I've been looking forward to this for some time, following the story of the Bernstein protege and her ascendancy to the highest rank a woman conductor has achieved.
As director-designate Ms. Alsop reinvigorated the orchestra, institutionally and artistically. A born communicator and effective proselytizer for music, she has led a major community-outreach effort and taken the orchestra back into the recording business for the first time in a decade. A new Sony Classical release with Ms. Alsop conducting the violinist Joshua Bell and the Baltimore Symphony in John Corigliano’s “Red Violin” Concerto took the top spot on the Billboard classical chart in September. The Naxos label plans to release a three-disc set of Dvorak symphonies taken from live performances by Ms. Alsop and the orchestra.
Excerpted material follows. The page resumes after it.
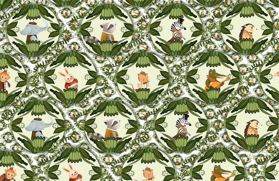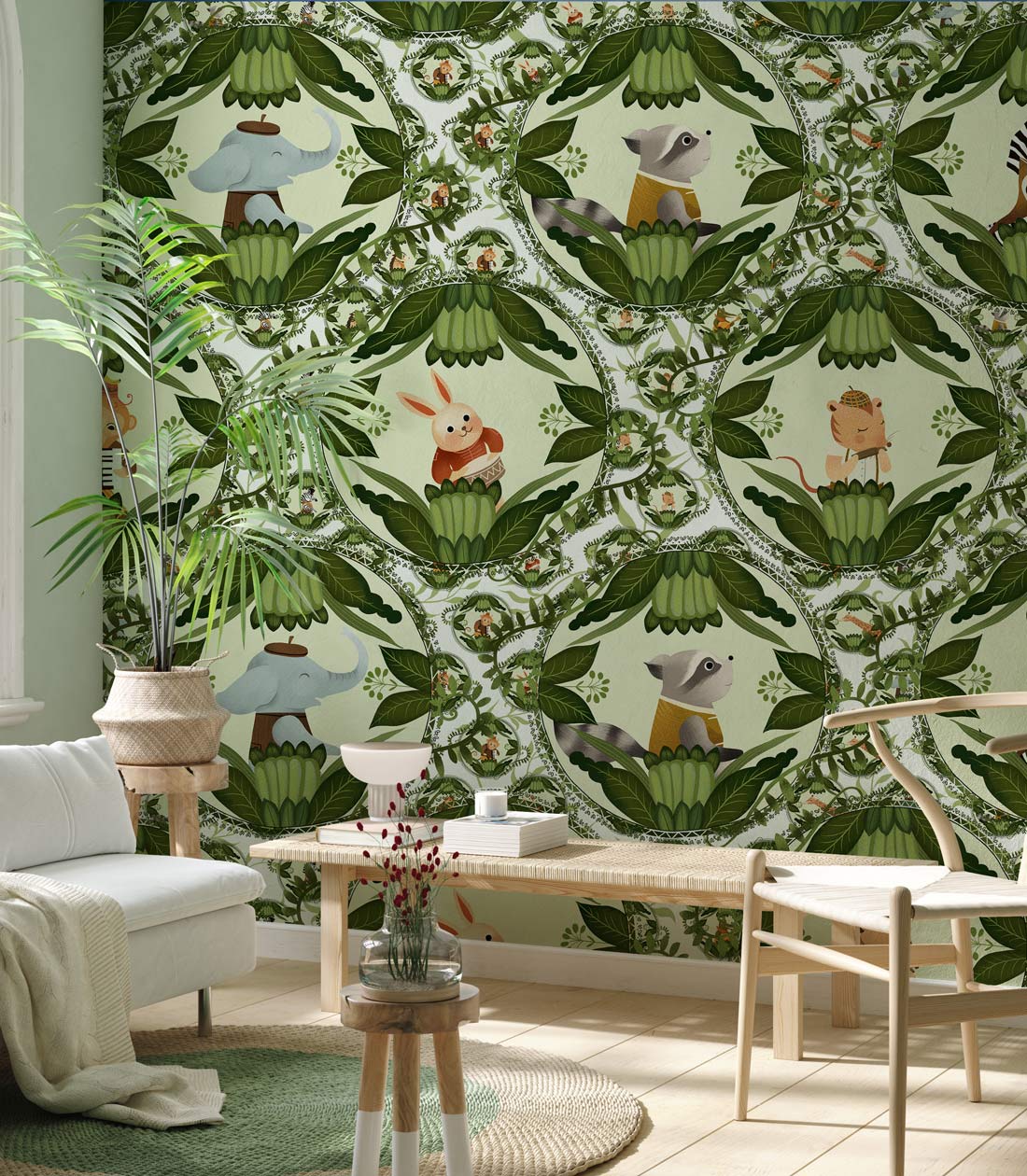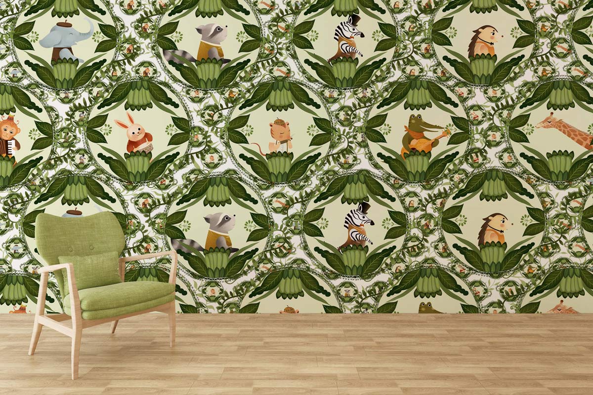 If you are looking for a cute animal wallpaper mural that can fit your interior space and art decorations, then this animal musician wallpaper mural is your perfect choice. This wall covering designed with cute animal musicians in repeated pattern of green leaves frame will bring your space a sylish and eye-catching look.

Thanks to a $1 million grant, the Baltimore Symphony this season is offering all tickets to subscribers at $25 a concert. In a new venture, XM Satellite Radio is broadcasting eight Baltimore Symphony programs this season. Attendance, which had dipped to about 60 percent of capacity before Ms. Alsop’s appointment, is confidently expected to reach the high 70 percent range. Paul Meecham, the orchestra’s president and chief executive, has said Ms. Alsop was the impetus for the turnaround, proving that dynamic artistic leadership is the obvious answer to the troubles facing American orchestras.
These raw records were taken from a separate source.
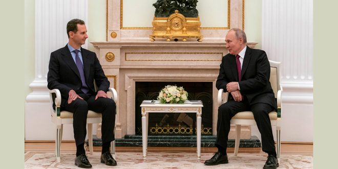 من جهته قال الرئيس الأسد: شكراً لكم سيادة الرئيس، وأنا سعيد اليوم أن أكون في موسكو ونلتقي لنناقش الكثير من الملفات المهمة المطروحة أمام الدولتين، صحيح أن اللقاءات بين المسؤولين لا تنقطع على مختلف المستويات، لكن التغيرات الدولية التي حصلت خلال العام الماضي تتطلب منا أن نلتقي ونضع تصورات مشتركة للمرحلة القادمة، مضيفاً: أتوجه بشكري لكم وللحكومة الروسية ممثلة بوزارة الطوارئ على المساعدات الكبيرة التي قدمت خلال الزلزال الذي أصاب سورية الشهر الماضي، وطبعاً لوزارة الدفاع والجيش الروسي الذي ساهم مساهمة مباشرة في إنقاذ المصابين جراء الزلزال، والذي كان له تأثيرٌ كبيرٌ في التخفيف عن المصابين وفي التخفيف من آثار الزلزال على المواطنين السوريين.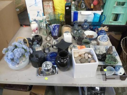 ASSORTED COLOURED GLASSWARE & POTTERY, VASES, BOWLS, ETC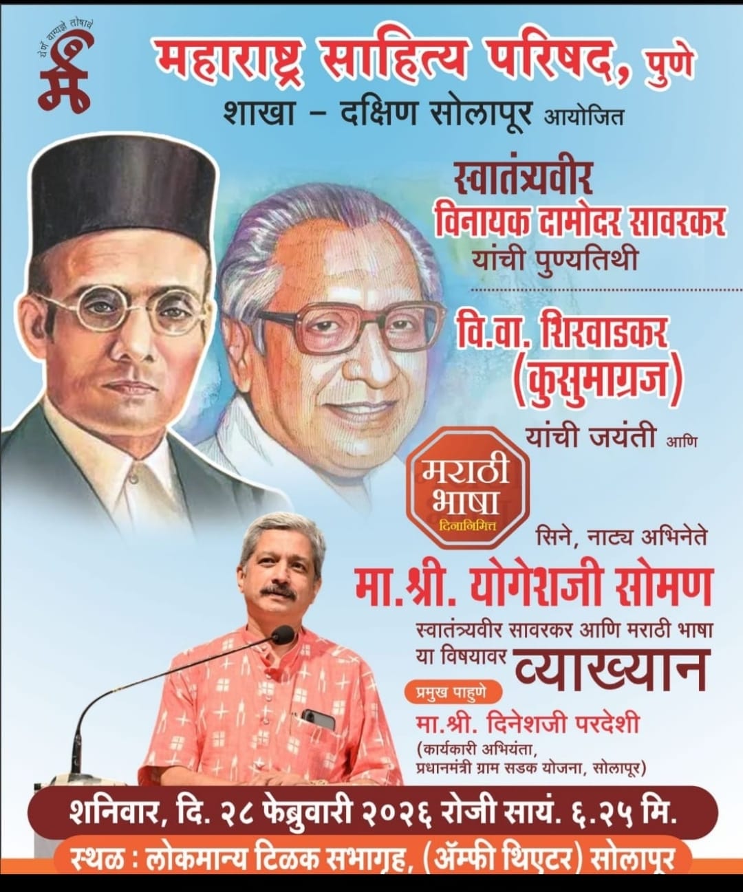 सोलापूर: महाराष्ट्र साहित्य परिषद, पुणे (शाखा – दक्षिण सोलापूर) यांच्या वतीने आगामी २८ फेब्रुवारी रोजी एका विशेष व्याख्यानाचे आयोजन करण्यात आले आहे. स्वातंत्र्यवीर विनायक दामोदर सावरकर यांची पुण्यतिथी आणि कविवर्य वि. वा. शिरवाडकर (कुसुमाग्रज) यांची जयंती तसेच ‘मराठी भाषा गौरव दिना’चे औचित्य साधून हा कार्यक्रम पार पडणार आहे.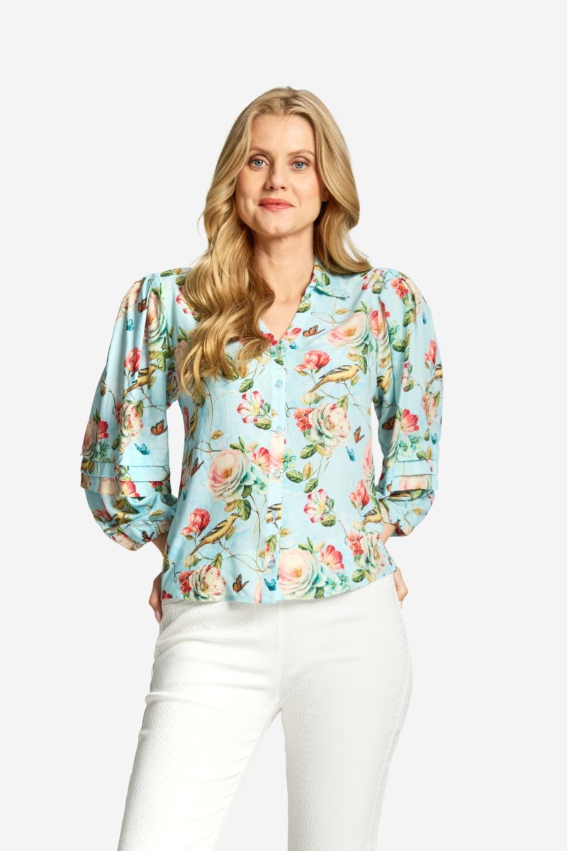 Viskosblus med blommigt print och vackra detaljer. Rak passform med något insväng midja och mellanlång ballongärm med breda veck mitt på, samt resår nertill. Skjortkrage och V-formad halsringning med ett kantband, som fortsätter ner som knäppkant mitt fram. Knäppning med diskreta knappar. Dekorativt ok på övre delen av ryggen, och något rundad nederkant. Den totala längden i storlek S är 64 cm från högsta punkten under kragen.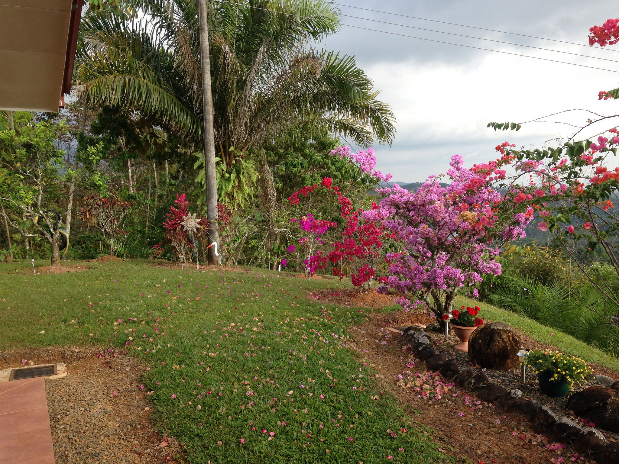 The property has spectacular 360 degree views of the mountains, valley and San Isidro city lights at night. The well-manicured lot boasts palm trees, flowering shrubs, orange, banana, lemon and mango trees.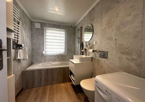 Badezimmer: Ausgestattet mit hochwertigen Armaturen, Badewanne, Waschmaschinenanschluss, Fenster und stilvollen Feuchtraumpaneelen.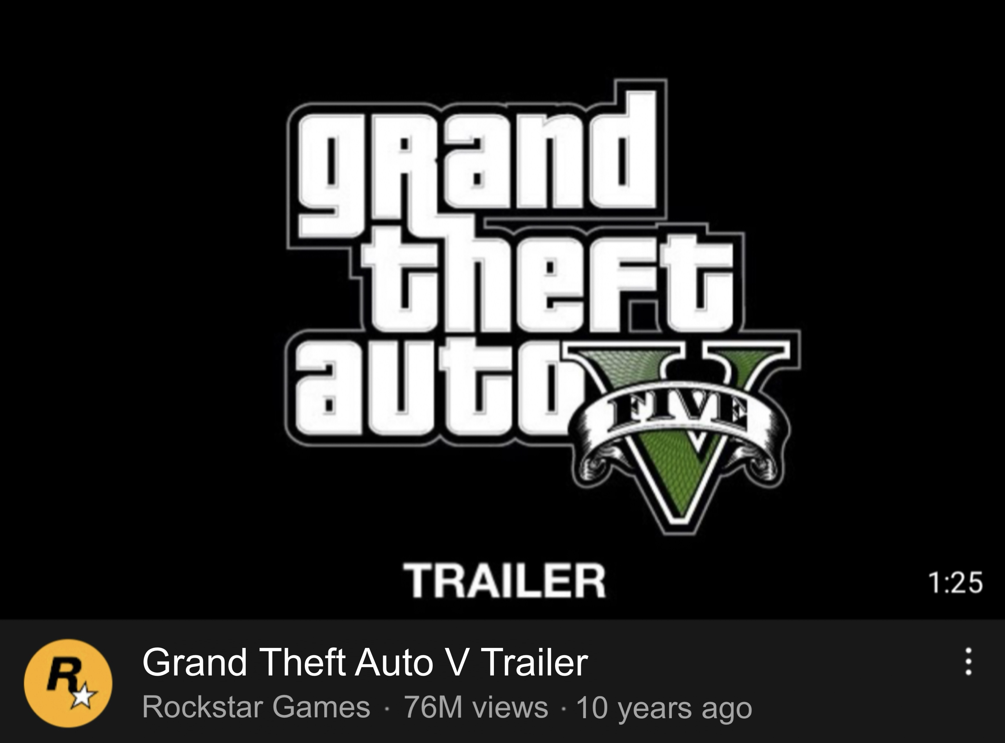 Mě zas nevychází, že neumíte číst. Ve článku je napsáno, že po 10 letech měl trailer ke GTA 5 76 milionů views.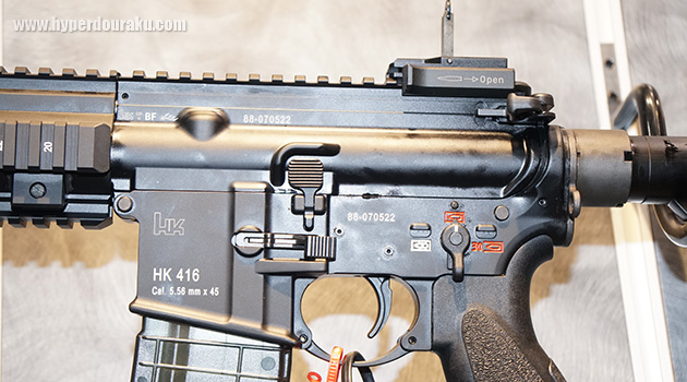 2枚目はこちら、HK416A5。アンビセレクターに加え、ボルトキャッチ、マグリリースもアンビ仕様の最新型です。次世代電動ガンでぜひ!!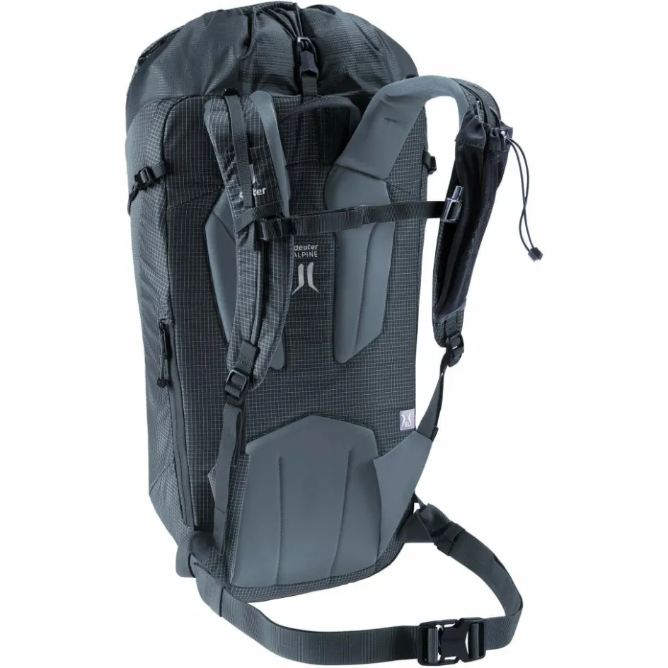 Der schmale Hüftgurt, das abnehmbare Helmnetz, die praktischen Befestigungsschlaufen, die beidseitige Pickelhalterung und Seilfixierung sorgen nicht nur für ein herausragendes Verhältnis von Tragekomfort zu Gewicht, sondern ermöglichen auch das Tragen eines Klettergurtes und bieten damit funktionale Flexibilität im Einsatz des Rucksacks.

I think it proves more than this. Something Youngstown has ignored--at its peril--is focusing on its city as the place where it does business. First, it recently appointed a music director based in L.A.!? Randall Craig Fleischer is flown in for work and then back home. For recent percussion auditions, he couldn't even be bothered to actually come to Youngstown; they were held in Cleveland! If an orchestra is to succeed, the music director must be an active part of the community, reaching out and making connections. The audience for the Youngstown Symphony isn't savvy enough, I fear, to know the difference between a good and a mediocre interpretation--or even performance--of, say, Brahms's First Symphony. What they need to see is someone young and dynamic who is making appearances and making a name in the community.
I believe that American orchestras won't really be successful until the organizations take a page out of the playbook of popular entertainment. It's about stars. And not just the maestro. The symphony should be promoting its players as individuals: talking about their appearances, promoting their individual ensembles. Chamber music is more portable and can happen all over town. When the people throughout the community see and hear these musicians and know they're part of the symphony, that can bring them to Powers/DeYor for the concerts. Not to mention the musicians need the exposure to supplement their paltry symphony salaries.
Finally, Ms. Alsop is doing what must be done in today's concert halls: playing music by living composers. Audiences need to be reminded that this stuff is relevant. Unfortunately, of the six Masterworks series concerts on the Youngstown Symphony's schedule this year, only half feature performances by living composers. Not nearly enough.